A little while ago I looked at Fleur’s gun. It has not been used. It is still loaded. I had thought of using it, but I have changed my mind about that. Fleur is a gentle person. If she is to die, she should die gently. Therefore I have decided to make a game of it. I will be nice to her when she comes home. I will suggest that we go out for dinner. Before we go she will want a bath. She always does. And she takes a tub bath, never locks the bathroom door. What would be easier than to walk into the bathroom with a radio in my hand. She has a small set, and I have a long extension cord. I will plug in the set, turn it on, walk into the bathroom and drop the radio into the tub of water. It can be made to look accidental, or it can be made to look like a suicide. A simple plot, but very effective — a perfect example of the high art of murder.


Fleur just telephoned. She is on her way here and she seemed pleased that I answered the telephone. She said, “Darling, you’re already home? You surprise me.”

From her voice I knew that she was shutting her eyes to reality. She was still clinging to the belief that I would not leave her. I smiled, and let her have her dreams, and said, “I’ve been waiting for an hour.”
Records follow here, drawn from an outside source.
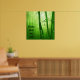 Text which says - silence calms my soul. With a lush emerald green image of bamboo stalks with long delicate leaves and pale bokeh lights in the background.
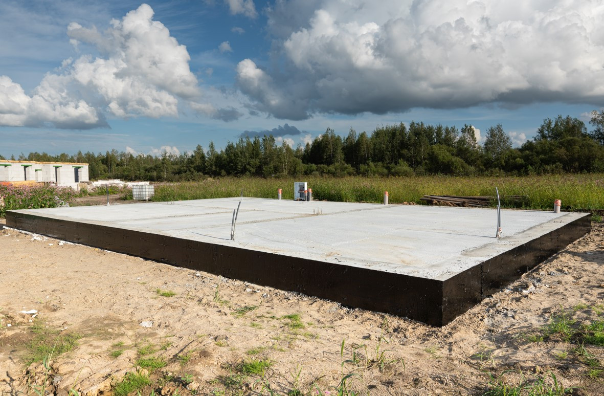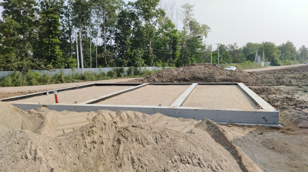 Ростверк с буронабивными сваями (D=300 мм, H= 3,5 м.), с шагом в 2 м. Внутрь ленты выполняется отсыпка песком, далее выполняется уплотнение в несколько этапов, утепление экструдированным пенополистиролом (50 мм) - армирование и заливка плиты. Каждый фундамент оборудован дренажной системой!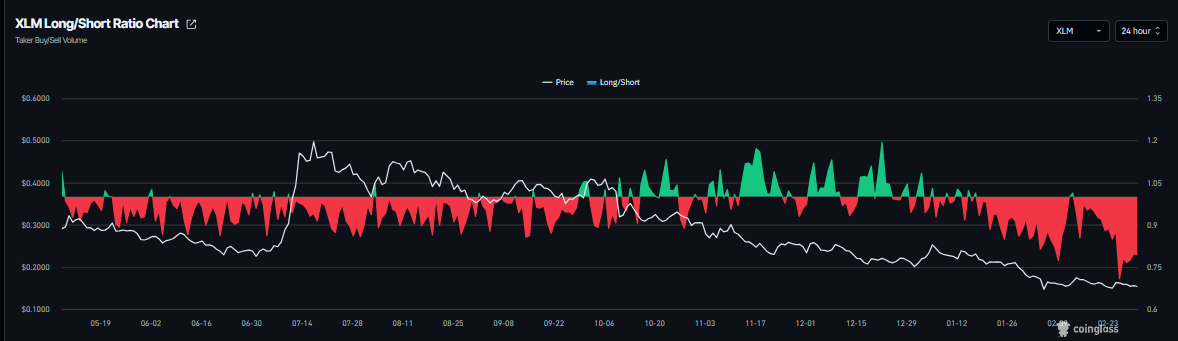 Selain itu, rasio long-to-short XLM berada di 0,79 pada hari Selasa, mendekati level terendah dalam lebih dari sebulan. Rasio di bawah 1 ini menunjukkan sentimen bearish karena para pedagang bertaruh bahwa harga Stellar akan turun.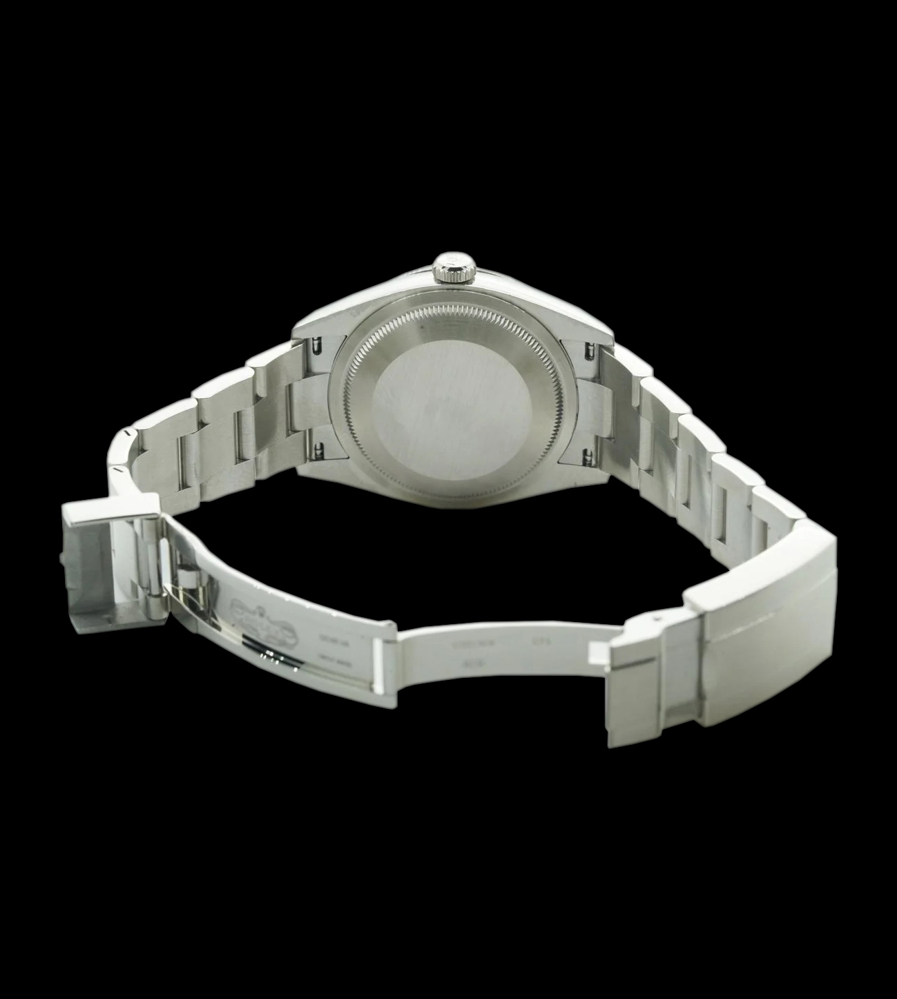 - Caja de acero Oyster adaptada a 40 mm: El nuevo diámetro reduce los 42 mm del modelo anterior y lo adapta a muñecas medianas sin perder presencia. El acero 904L asegura una resistencia superior a la corrosión y un brillo estable.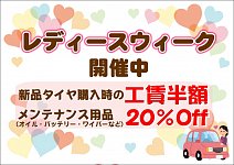 こんにちは✌ 本日はレディースDAYです!!!! ①新品タイヤ交換時の作業工賃が半額!! ②メンテナンス用品が通常価格より20%OFF!(ワイパー・オイル など) タイヤ交換もタイヤ以外もお得となっています! 男性の方も女性の方と一緒にご来店で特典が受けれます!! ご来店お待ちしております<(_...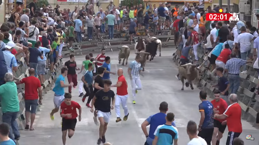 Complicado segundo encierro de la feria de Calasparra, protagonizado por los novillos de la ganadería de “Prieto de la Cal”.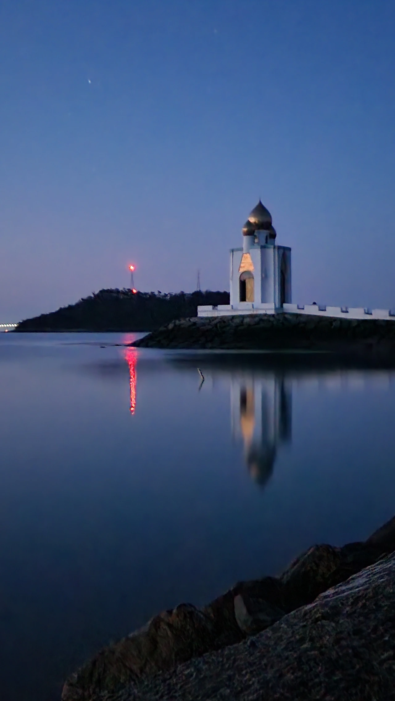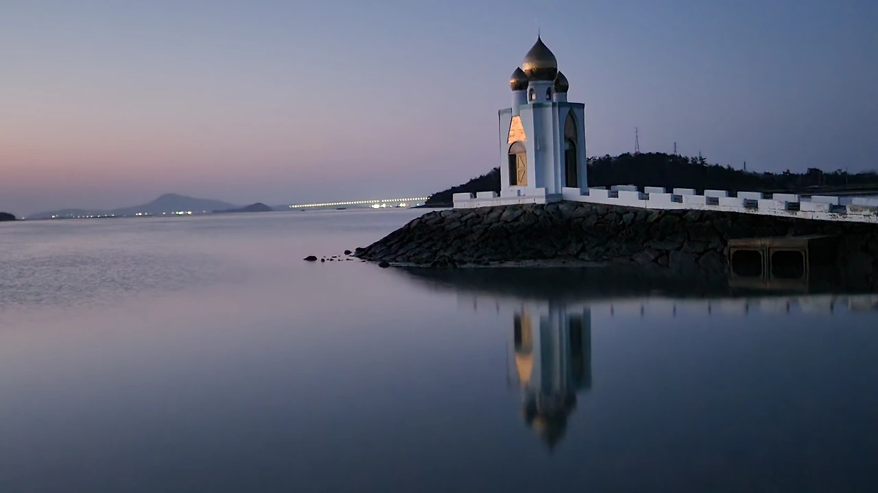 뱃길이 끊겨 일박 후 새벽에 숙소 앞에서

“Then I’ll hurry.” Fleur said. “I’ve a bottle of wine in the closet. Put it in the refrigerator. And don’t touch the canapes.” Fleur isn’t one of the world’s best cooks, but she can set up a paté de foie gras which is heavenly.


Fifteen minutes have passed. Fleur has not yet arrived. I did not expect her this quickly, but it had suddenly occurred to me that she’s not coming. Just a moment ago I felt a sharp cramp in my stomach. I thought it was a gas pain, but I was wrong. The pain is still there. It is growing stronger — and stronger — and stronger. It is even beginning to fog my thinking. That paté de foie gras — could it have been poisoned?

Definitely! And why am I surprised? The power to kill belongs to everyone. Fleur was quicker than I, that’s all. She has made me the victim. I have failed, but the example still stands. The art remains. You have the demonstration I promised. Fleur! Ah, what a woman!